Looking at the interface towards the DPDK application, I would personally prefer a pull model. It will allow the DPDK application to handle the events when it is convenient and safe for the DPDK application to manipulate its non-thread safe data structures.
Looking at the interface towards the O/S, Linux Netlink is well defined and described in RFC 3549, and message queues (e.g. DPDK rings) seem like a perfect match for this.
I don't know enough about the Windows network stack to tell if the same applies here, so you should look into this before proceeding. On the other hand, the "memif" Memory Interface PMD is Linux only; so you could also consider limiting your library support to operating systems often being used as routers, i.e. Linux and BSD, and explicitly omit Windows support.
I have no preferences about the message format, but since Linux Netlink is described in an RFC, you could consider using this exact message format or a closely related message format. The RFC authors probably thought this through very thoroughly.
> >
> > AFAIK, the DPDK documentation doesn't mention any "best practices"
> for interaction between the control plane and data plans threads, so I
> understand why you chose a design pattern similar to the NIC Link
> Status Change interrupt design pattern.
> >
> > Furthermore, I have now skimmed the other parts of your patch set. If
> I got it right, it looks like there's a limit of 64 callbacks; this
> will probably not suffice in the long run.
>
> Yes. We will increase it.
>
> > And on the administrative side, I assume one of you guys will
> volunteer as the maintainer of this library?
>
> Yes
Great.
-Morten
^ permalink raw reply [flat|nested] 21+ messages in thread
* Re: [dpdk-dev] [RFC PATCH 0/3] introduce IF proxy library
2020-01-15 18:15 ` Morten Brørup
2020-01-16 7:15 ` Jerin Jacob
@ 2020-01-16 9:09 ` Andrzej Ostruszka
2020-01-16 9:30 ` Morten Brørup
1 sibling, 1 reply; 21+ messages in thread
From: Andrzej Ostruszka @ 2020-01-16 9:09 UTC (permalink / raw)

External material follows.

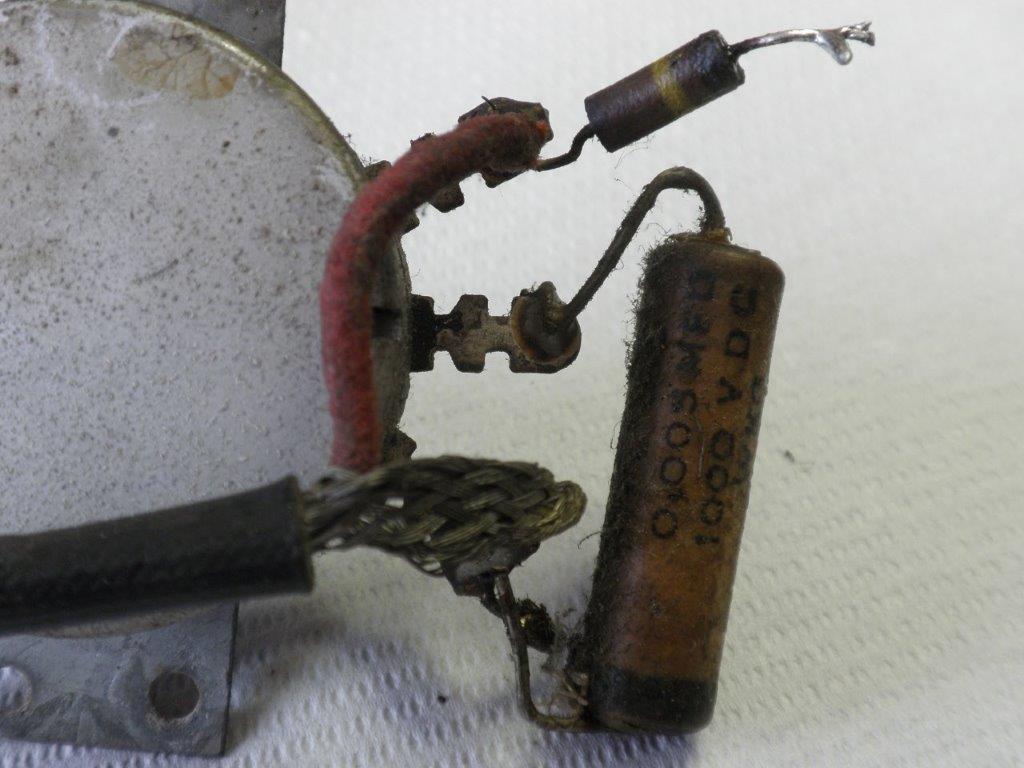 De potentiometer is een 1 Meg log type, de condensator 0,005MF en voor de weerstand meet ik 88Kohm(?). De toonopnemer is gesoldeerd aan de weerstand en de massadraad (zie foto)

To: Morten Brørup, Jerin Jacob; +Cc: Bruce Richardson, dpdk-dev
On 1/15/20 7:15 PM, Morten Brørup wrote:
[...]
> OK, you convinced me that a general API for interfacing to the O/S
> control plane might be useful.
Glad to hear that.
[...]
> You should consider that most DPDK APIs are not thread safe,
> meaning that their internal structures cannot be manipulated/reconfigured
> by a control plane thread while data plane threads are accessing them.
> E.g. a route cannot be added in the DPDK route library while it is also
> being used by for lookups by a DPDK data plane thread. The same goes
> for the hash table library.
You are thinking already about modification of the application data.
That is actually beyond the scope of the library. The intention of the
library is to provide with notification of a change. It is meant to be
the task of the callback (provided by the user) to act on the change.
It can store the change to be picked up at the next packet burst
iteration, or use some RCU synchronization or even stop the world and
push the change (if the writer of application deems that appropriate).
> This means that callbacks are probably not the right design pattern.
What are other possibilities? The library could keep "copy" of the
interesting configuration and periodically update it and mark the
changes to let application notice. But that would be inefficient - I
would have to query all data to check for the diff. So I think the
callback is the right design - we get only changes. However please note
above explanation, that it is up to application writer to provide
callback that would fit design of the application and in cooperation
with it will move the network config change into internal data structures.
> Furthermore, I have now skimmed the other parts of your patch set.
> If I got it right, it looks like there's a limit of 64 callbacks;
> this will probably not suffice in the long run.
This is interesting. What has given you that impression? I'm really
curious since I've written it :). There is a limit on a number of
proxies (but this is the same as limit on DPDK ports - so not really a
limitation of this lib). BTW since this is a slow path, and I don't
need a fast access I keep proxies in a list, so that only those active
have allocated memory.
Each type of callback is just a member of rte_ifpx_callbacks struct -
and yes, as you previously noted, this struct will grow with additional
functionality added, but there is no real limit on it. At the moment
callbacks are meant to be global - there is a list of callback sets
(ifpx_callbacks) that is common for all proxies.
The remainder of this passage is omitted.